Data transparency “a very strange debate” says new Lilly head

by | 15th May 2013 | News

The new head of Lilly UK believes that the clinical trial transparency agenda in the UK is a “very strange debate”.

The new head of Lilly UK believes that the clinical trial transparency agenda in the UK is a “very strange debate”.

Speaking to PharmaTimes in an exclusive interview Dr Jean-Michel Cosséry, the new UK managing director and vice president for its Northern Europe hub of Lilly, said that the AllTrials campaign to increase clinical trial data transparency was for him “a strange debate”.

He explains: “I never met anybody in pharma who doesn’t agree that having the opportunity to share data is a good thing, so of course I believe that openness with data is important. But when it comes to this being published, I would like experts to define which kind of website and spread-sheet and database is chosen to show these data.

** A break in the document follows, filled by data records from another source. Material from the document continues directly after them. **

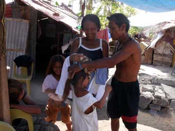 ・外国人が肉体労働を手伝うのは、場合にもよるが、フィリピンではあまりお勧めできない場合が多い。一日 一生懸命手伝ったが、慣れないので現地の人の100ペソ分くらいの仕事にしかなっていないのでは笑い話であろう。それよりは、日本で例えば3日アルバイトして、そのお金で、大工を雇い、建材を買って、家の修理に回れば、かなりの数の家の修理に貢献できるはずだ。その場合には、人をあごで使うような態度でなくて、監督しながら、大工が嫌がるような仕事を手伝えば、大工は熱心に働いてくれる可能性が高くなる。しかし、これは、ちょっとだけ支援の範疇からは逸脱していそうだ。
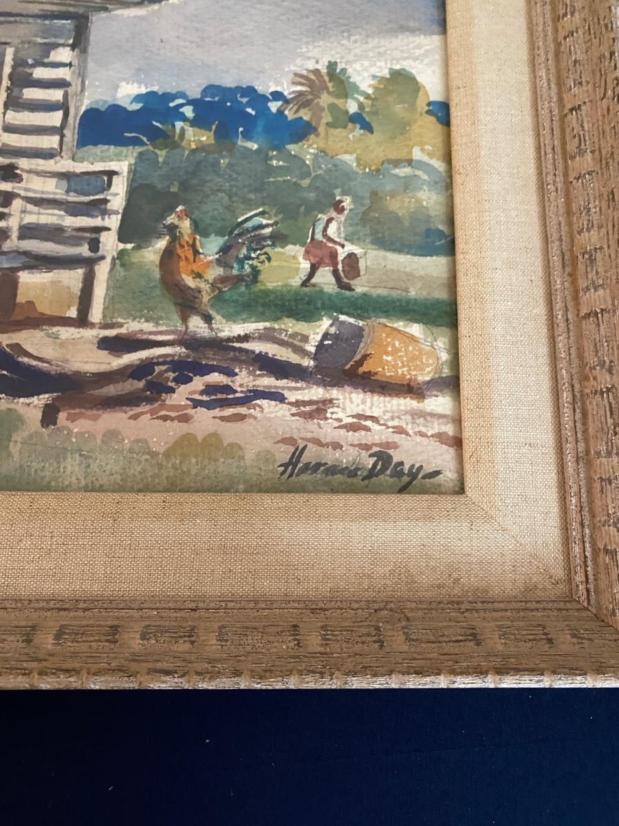 Horace Day Original Painting of Negro Cabin and Yard, Signed, 23x17
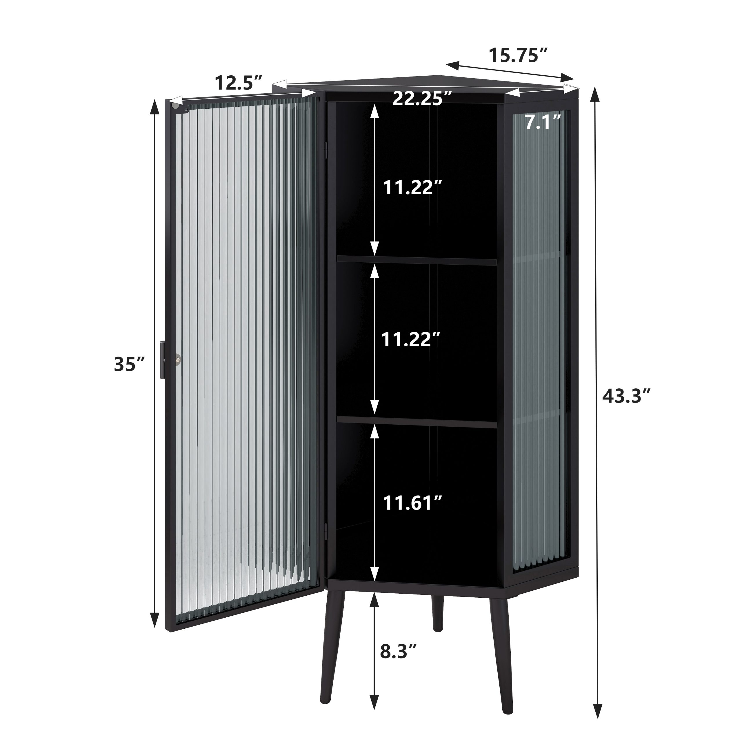 Black 22.25” floor corner cabinet featuring tempered glass doors and three-tier storage, ideal for bathroom, living room, or bedroom organization.

“So for me, the debate is all about how the data will be available: in what format; what website and so on, rather than a debate about transparency, because that is happening now.”

This viewpoint has been echoed by Roch Doliveux, the chief executive of UCB, who recently told reporters at his firm’s quarterly financial results that the need for pharma to release more of its clinical trial data for greater public scrutiny was a “very UK topic”, adding that he has “difficulty understanding the passion of the debate”.

But Jean-Michel says he thinks this debate will be sorted in the next few months as the European Medicines Agency already has plans to promulgate more clinical trial data over the next year.

He also argues that the debate should be about transparency for drugs that are in development now. “Many people want to go back over data for drugs that have been on the market for ten or even 20 years,” he says.

“So the question must be: where do patients want pharma to spend its money: do they want it spent on drugs now, or do they want it spent on going over data from ten years ago? Of course, the answer is patients want our highly skilled scientists working on the drugs of tomorrow, and not going over the old data of the past.”